Just received my iPhone 3G :-)
Andy Tarpinian
EMAIL HIDDEN
Mon Jul 21 19:24:05 CEST 2008
On Jul 21, 2008, at 11:00 AM, Gert van Santen wrote:
>>>
>>
>> First get through the obligatory giggling like a school girl as you
>> swipe, pinch, zoom and multitouch your way to contentment. Get this
>> over with now, it is not cool to do this when in public.
>>
>> Also try NOT to refer to the iPhone as Steve Jobs does, meaning
>> purely
>> as "iPhone." For example "I love to use iPhone," or "iPhone is great
>> for going on the internet," or "iPhone get out of that woman's
>> pants!"
>
> hehe, thx ;-)
Continuously replace your 4 doc icons with different apps you think
would be more useful there only to ultimately come to the realization
that the best icons to have there are the original 4 (Phone, Mail,
Safari, iPod.)
Download PhoneSaber and swing your phone around pretending you are a
time traveling Luke Skywalker sent to kill Jar Jar Binks.

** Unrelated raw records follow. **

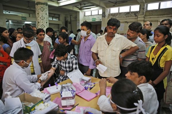 2015年9月17日,印度新德里一家公立医院发烧门诊,人们排队验血。新华社发
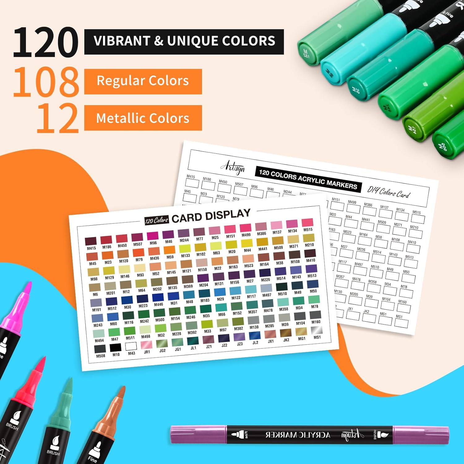 120 Colors Acrylic Paint Pens, Dual Tip Markers With Fine Tip and Brush Tip for Rock Painting, Ceramic, Wood, Plastic, Calligraphy, Scrapbooking, Brush Lettering, Card Making, DIY Crafts
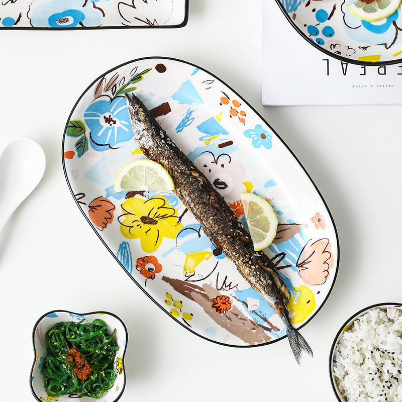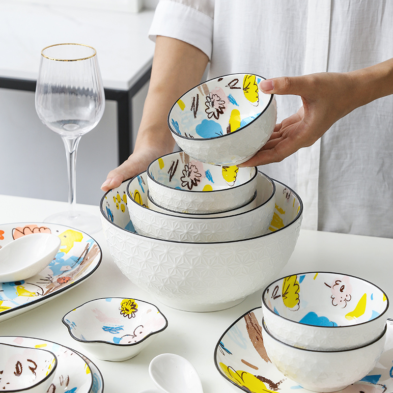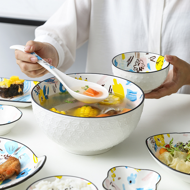 Japanese style illustration doodle bowl dish soup bowl spoon gift housewarming wedding Home ceramic tableware set combination

Walk down the street with GPS enabled on google maps to see if the
little dot is really moving slightly for every step you take (it's not.)
Have a seat and play MotionX's Poker and violently shake your phone,
and then watch as the dice realistically and accurately (it captures
your hand's motion and rolls simulated collisions between the virtual
dice) jumble around and finally settle, as you simultaneously yell out
"Mama needs a new pair of shoes!" Only to realize that you are on a
train and everyone is staring at you.